Wagner Borges – www.ippb.org.br
Certa vez, enquanto Krishna meditava, Arjuna se aproximou e perguntou-lhe:
“Senhor, sinto-me muito estranho. Parece que algo me aperta o peito e cerceia minhas emoções. Não consigo centrar os pensamentos nem sentir-me apto para a meditação. Por favor, o Senhor pode orientar-me?”
O Senhor dos olhos de lótus continuou aprofundado em sua meditação por mais um tempo. Depois, quando finalmente abriu os olhos, parecia que o brilho de milhões de sóis estavam em seu olhar.
Ele olhou para o seu discípulo-arqueiro e viu dentro do seu coração. Contudo, ainda permaneceu quieto.
Até mesmo Arjuna ficou seriamente impressionado, pois sentia em seu olhar silencioso a profundidade do universo e aquela sensação de algo grandioso e misterioso à sua compreensão.
Pensou: “Ele deve estar numa expansão da consciência daquelas. E eu aqui com minhas emoções tão pequenas querendo incomodá-lo. Vou ficar quietinho aqui e pegar uma pequena carona em sua luz.”
Um pouco depois, Krishna disse-lhe:
“Narananda, (1) desculpe-me por não ter lhe dado a devida atenção antes, mas é que em meio as miríades de manifestações na existência, dois eventos me chamaram a atenção fortemente.
No primeiro deles, uma mulher estava se desprendendo definitivamente de seu corpo carnal. Esse é um evento normal dentro da roda reencarnatória. Enquanto isso, um de meus trabalhadores na Terra irradiava pensamentos e energias a favor da humanidade no silêncio de seu trabalho. Ao mesmo tempo, em seu íntimo surgiam algumas questões espontâneas. Ele perguntou-se: ‘Será que estou sendo útil realmente? Será que Krishna percebe o que se passa aqui? Será que ele desculpa meus defeitos e ainda sorri em meu coração?’

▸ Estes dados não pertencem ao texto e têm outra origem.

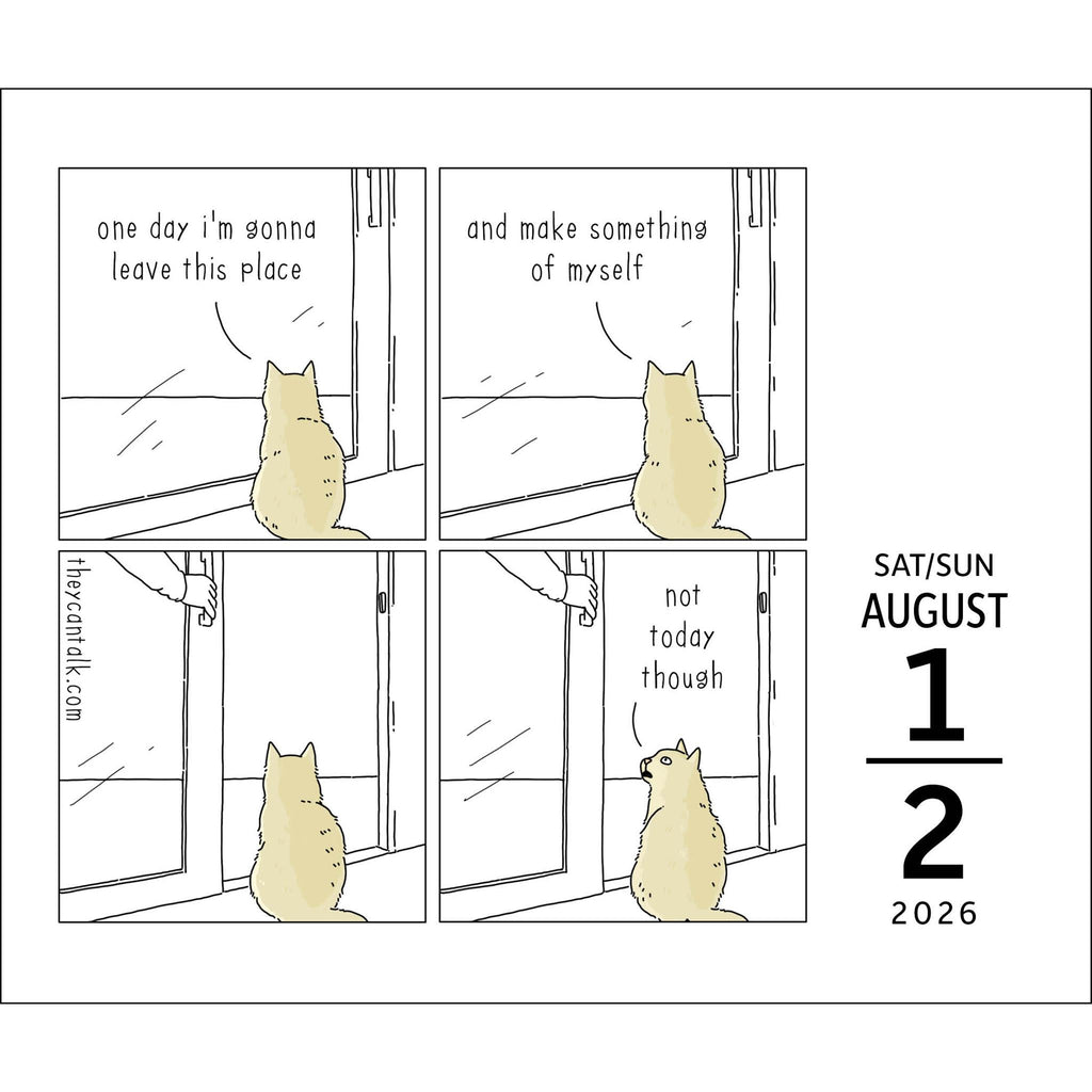 Donnant vie aux tourments amoureux des oiseaux de jardin, à l'exubérance débridée des chiens domestiques, aux difficultés de discipline des baleines bleues et autres petits tracas du quotidien, le calendrier « They Can Talk Comics 2026 » est un exercice quotidien divertissant qui nous permet d'écouter aux portes les plus drôles de nos amis les animaux. Caractéristiques : sans plastique à usage unique ; format 13,7 x 11,4 cm ; support chevalet en carton recyclable pour une présentation sur un bureau ou une table ; imprimé sur du papier certifié FSC® avec de l'encre à base de soja ; pages détachables en couleur ; verso vierge pour prendre des notes ou faire des listes de courses ; indication du jour et de la date sur chaque page ; pages regroupant les week-ends ; jours fériés et célébrations officiels dans le monde. Les bandes dessinées quotidiennes, à la fois drôles et touchantes, de Jimmy Craig (@theycantalkcomics) transforment les aboiements, miaulements, meuglements, chants d'oiseaux et de baleines, ainsi que les divers klaxons, bêlements, gargouillis et bourdonnements du règne animal en blagues idiotes et subtiles.
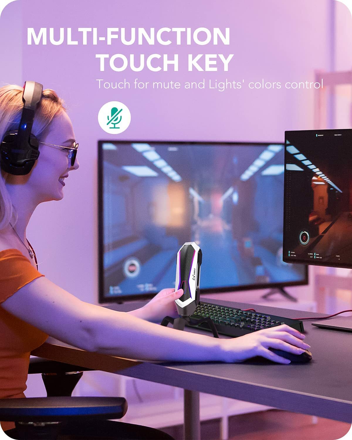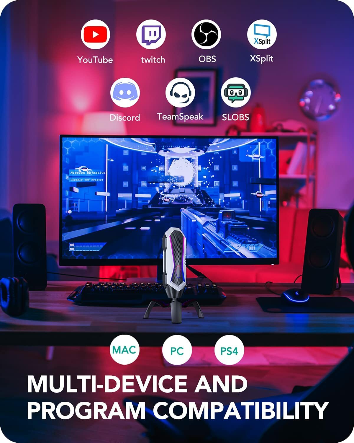 PoP Voice Condenser USB Microphone with RGB Lights with Tripod, PC, Mac, Twitch,
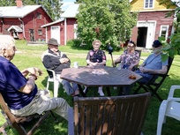 Sää suosi sen verran vierailuamme, että heti lähdettyämme kohti Mirjamin ja Pekan lomapaikkaa, alkoi vettä sataa "kaatamalla". Hyvää tuuria siis. Syy miksi siirryimme Oripään puolelle oli kahvihampaan kolotus. Pekka oli näet luvannut kahvittaa porukan. Sen lisäksi, että nautimme Mirjamin maittavat tarjoilut, saimme tutustua Pekan lapsuuden kotiin, mikä toimii Koivuloiden lomapaikkana.
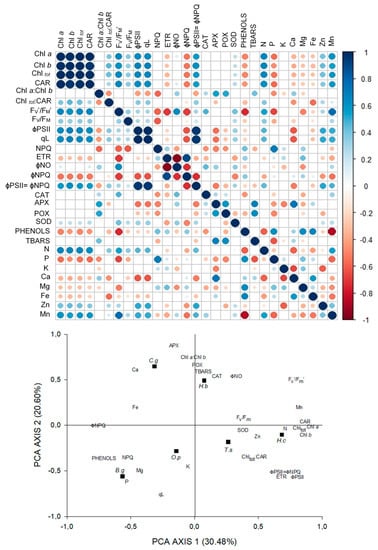 The PCA for MS explained 51.08% of the variation of the data, and in axis 1 is contained 30.48% of the power of explanation. With this axis the content of pigments, Fv′/Fm′, ɸPSII, ETR, N and Mn content, and ɸPSII=ɸNPQ were strongly correlated. In this axis, the strong and negative correlations were with the content of phenols and ɸNPQ. Axis 2 explained 20.60% of the data and was strongly related to APX and POX activity, Chla: Chlb, and Ca content. A negative correlation was observed with qL (Figure 3).
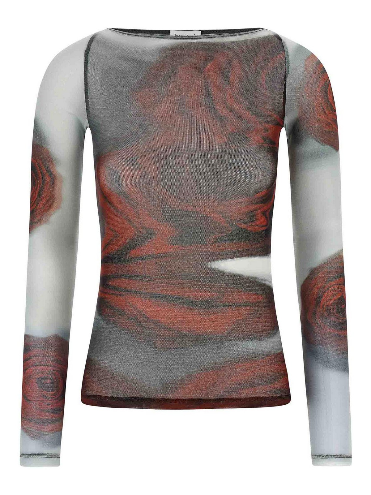 Top en tulle stretch semi-transparent avec imprimé intégral « les roses rouges floues », col bateau et manches longues
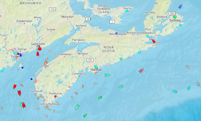 早上6点:Oceanex三趾鹬,滚装集装箱,从圣约翰到达41号码头
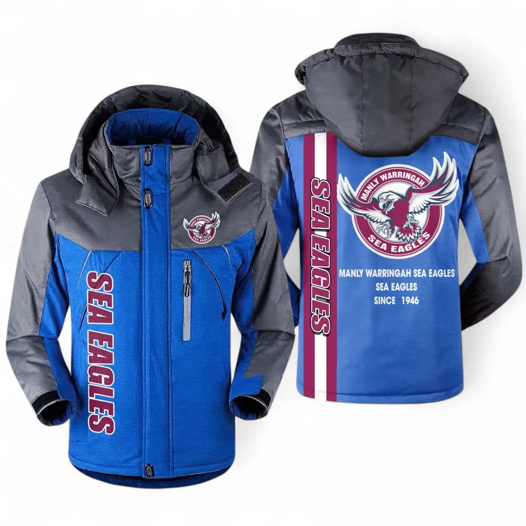 Custom Outdoor Charging Jacket For Manly Warringah Sea Eagles Fans – All-Weather Protection, Game-Day Energy
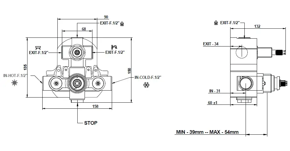 Bongio Внутренняя часть смесителя для душа на 2 выхода 097630000
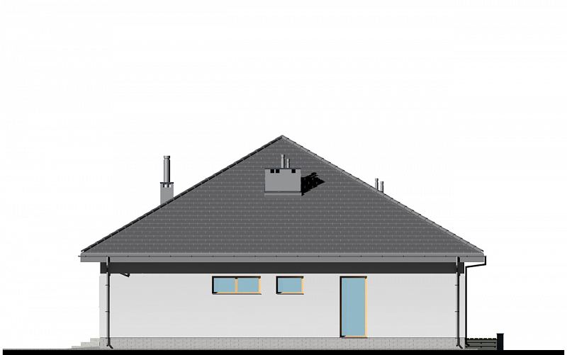 Pomniejszona wersja projektu E-175 z garażem jednostanowiskowym, w prostej bryle opartej na planie prostokąta. W części dziennej zaplanowano duży otwarty salon z jadalnią oraz kuchnię od strony wejścia, ze spiżarnią. Z tyłu domu, w części sypialnej zaplanowano trzy sypialnie, WC oraz pełnowartościową łazienkę z wanną i prysznicem. Atutem domu jest bardzo łatwa możliwość zaadaptowania poddasza (projekt zawiera schody na poddasze).
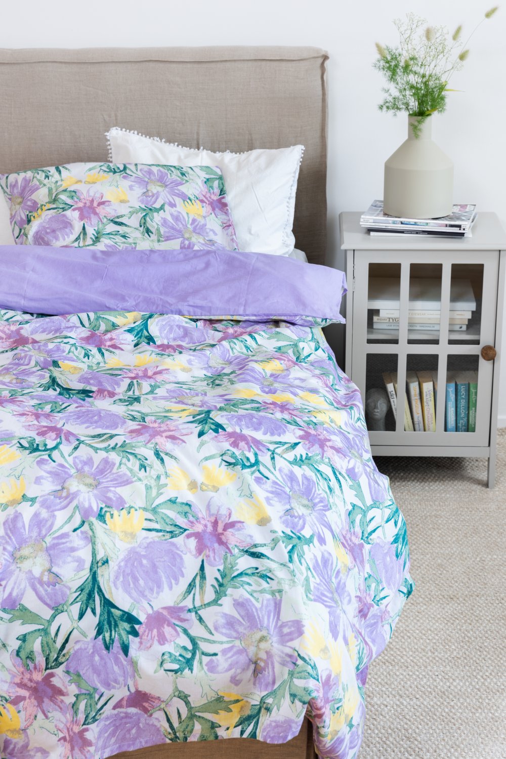 Het dekbedovertrek heeft aan de ene kant een patroon en is aan de andere kant effen van kleur, voor twee unieke looks in één. Er zijn openingen in de bovenhoeken om het dekbedovertrek gemakkelijk over het dekbed te kunnen doen.

Então, segui suas energias e vi que elas estavam sendo direcionadas por minhas hostes de trabalhadores invisíveis para aquela mulher que partia da Terra. Eram energias amorosas emanadas por um ser humano comum, mas portavam o brilho da eternidade em suas cores suaves. Elas chegavam no cerne do espírito que se desprendia dando-lhe conforto e confiança em sua passagem para a vida extrafísica. Em torno de seu ambiente, um grupo de espíritos amigos manipulava aquelas energias com grande maestria e respeito.
Nem o rapaz à distância, nem a mulher que partia sabiam um do outro naquele instante. No entanto, uma linha invisível os unia num ato de amor anônimo.
Fui até lá e suavemente rompi as ligações energéticas do espírito com o corpo. A seguir, levei a mulher para os seus ente queridos espirituais na vida além da vida… e abençoei o seu destino imortal.
Depois, fui até o meu trabalhador e beijei secretamente o seu coração. Ele não me viu, mas ficou feliz espontaneamente, como se parte dele soubesse que sua missão havia sido cumprida naquele instante. Eu abençoei o seu dharma! (2)
Arjuna, em meio a tudo, a maravilha da assistência espiritual sempre enternece mais o meu coração.
O segundo evento me encantou mais ainda.
Percebi uma onda de energia maravilhosa emanando de certo ponto na Terra. Pela sua qualidade, parecia a emanação virtuosa de um rishi (3) a favor da humanidade. Porém, ao observar o evento atentamente, percebi que era a emanação do coração de uma mulher que naquele momento perdoava sinceramente algo grave de alguém.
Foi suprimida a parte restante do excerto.